10. It is not disputed that on 30th August 2016 this court issued orders staying the decision of the respondents as per the Judicial Review orders which were intended in the 9 prayers namely:
i. The decision purporting to vary Mr Sajjad Ahmad’s pass under Rules 26(3) of the Kenya Citizenships and Immigration Regulations, 2012 signified by the 1st respondent’s embossment dated 6th May 2016 on Mr Sajjad’s passport No. FF 1150882;
ii. The 1st respondent’s decision placing Sajjad Ahmad on the immigration watch list communicated to the applicant verbally sometimes in July 2016.
iii. The decision of the 2nd respondent to return to the 1st respondent for his review and recommendations;
iv. Removal of Mr Sajjad Ahmad from its immigration “watchlist.”
v. To allow the applicant’s appeal dated 16th June 2016 for class G permit on behalf of Mr Sajjad Ahmad.
vi. To discharge its mandate and impartially consider the applicant’s application dated 16th June 2016 for class-G permit on behalf of Mr Sajjad Ahmad, independent of the recommendations of the 1st applicant.

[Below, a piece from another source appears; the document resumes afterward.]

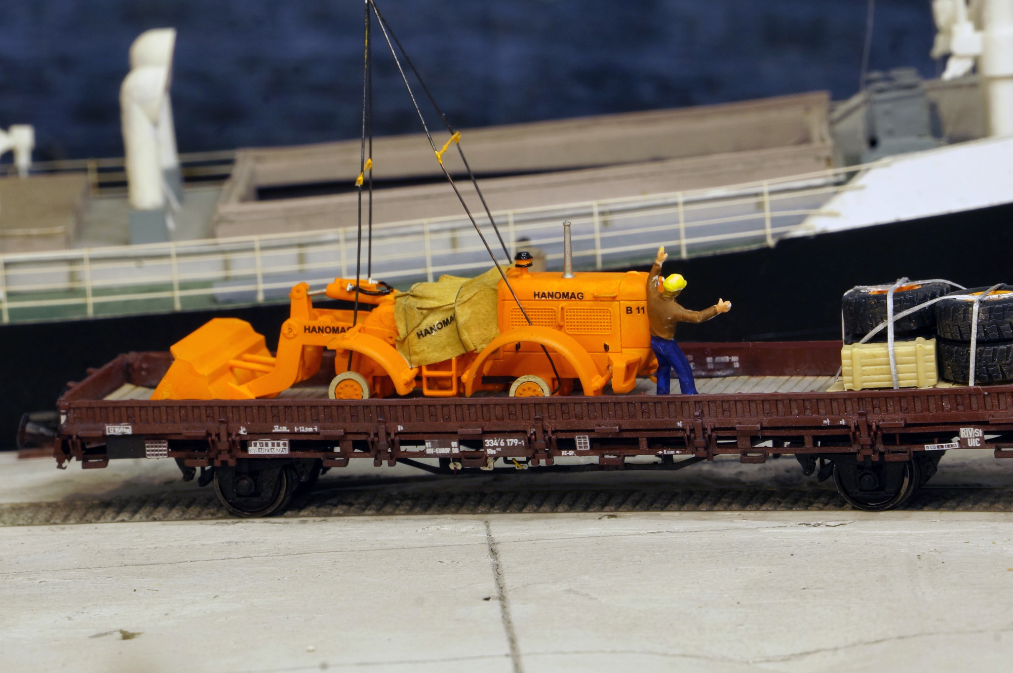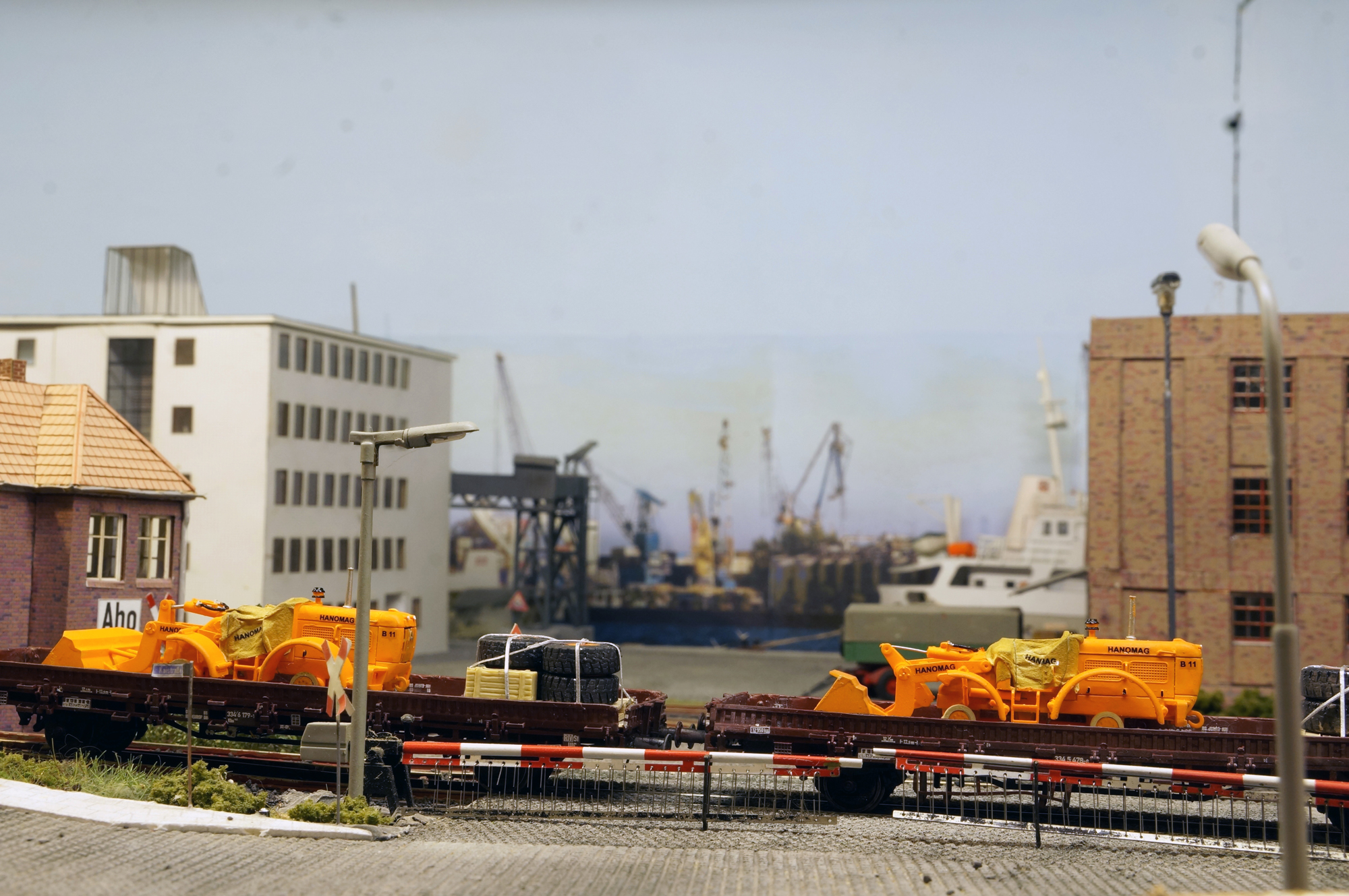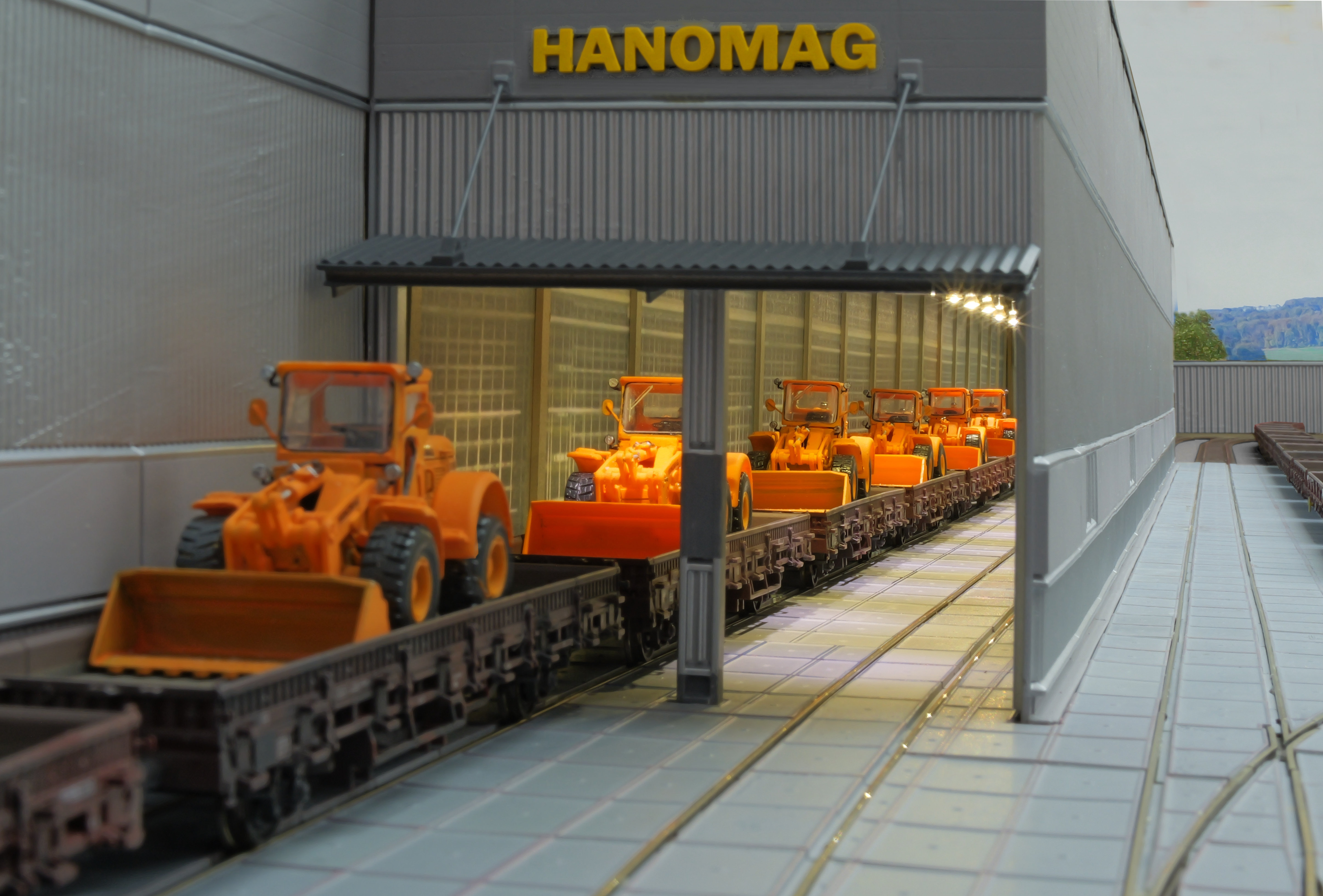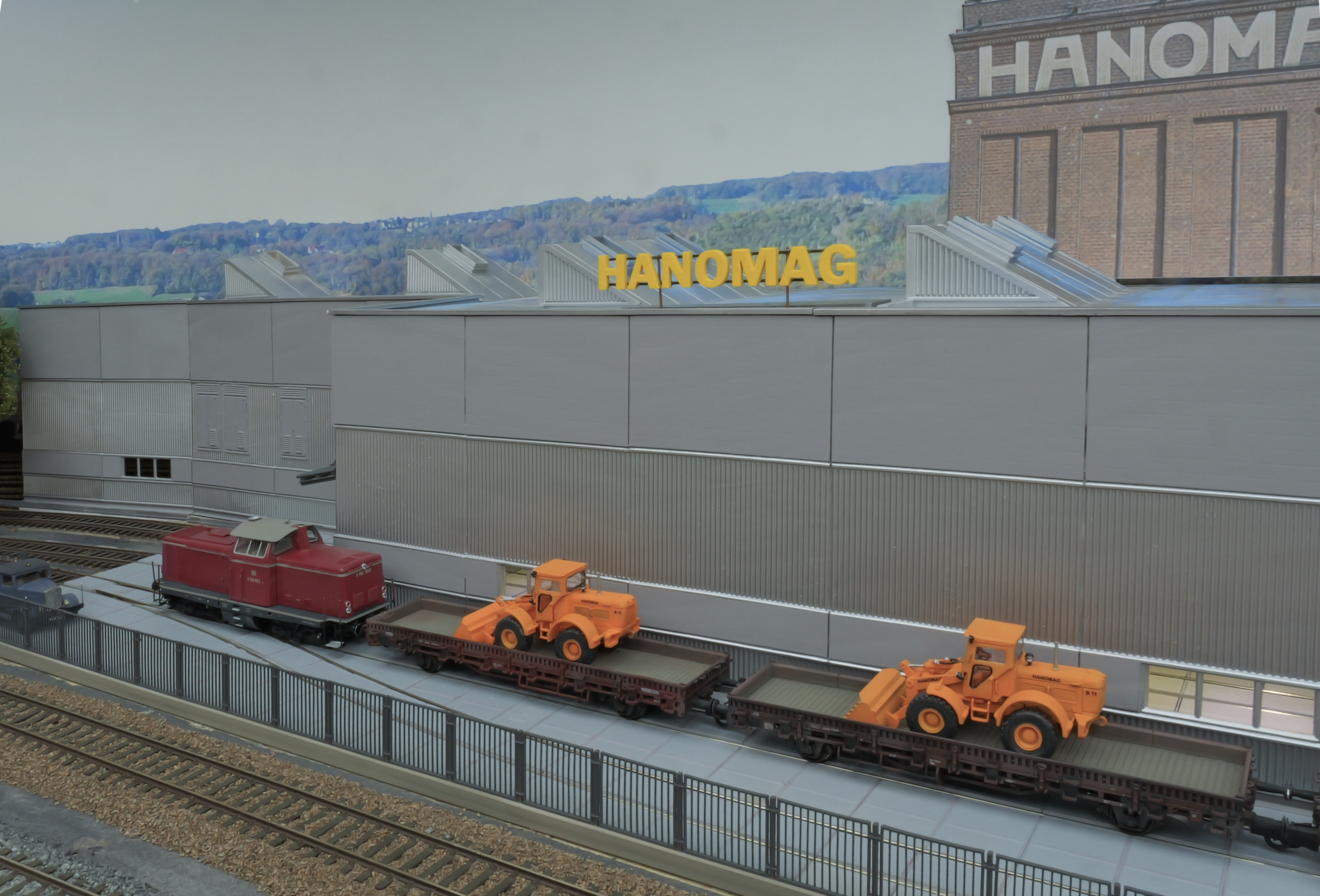Das Ganze soll im Zeitraum um 1964 spielen, wobei wir mit einigen Kompromissen leben mussten. Neben der Hanomag-Fabrikationsstätte in Hannover würde auch diesmal der Hafen Hamburg wieder eine zentrale Rolle spielen, denn viele Baumaschinen wurden weltweit exportiert. Darüber hinaus sollten aber auch andere Transportziele einbezogen werden, neben den Transversalen nach Skandinavien und Italien waren dies auch die Rampen an vielen Ladestraßen an mehr oder weniger großen Zielbahnhöfen in Nord-, West- und Süddeutschland, in deren Einzugsbereich die lokalen Baumaschinenhändler angesiedelt waren.

vii. From arbitrarily arresting detaining, harassing and or deporting Mr Sajjad Ahmad or in any manner whatsoever curtailing/ impending Mr Sajjad’s Ahmad’s liberty/freedom of movement with regard to the matters herein.
viii. Declaration that the rejection of the applicants application for class- G work permit on behalf of Mr Sajjad Ahmad due to failure by the applicant to disclose a previous application; Confiscating Mr Sajjad Ahmad’s passport No. FF1150882 and varying his pass thereby causing Mr Sajjad Ahmad’s unfair removal from the country, and placing him on the immigration watch list and refusal to promptly consider his appeal for class G work permit on his behalf are a breach of the applicant’s rights to fair administrative action, freedom and security of the Interested Party’s person, right to freedom of movement and right to secure protection of the law;
ix. A declaration that the variation of the Interested Party’s pass before expiry and his consequent removal from the country without any lawful reasons/cause, and without a formal process and or notice as contemplated under Rule 26 (3) of the KCI Regulations 2012 was a violation of the Interested Party’s rights and fundamental freedoms.
11. The question for determination is whether the respondents are in contempt of court orders made on 30th August 2016 and whether they should be punished for such contempt.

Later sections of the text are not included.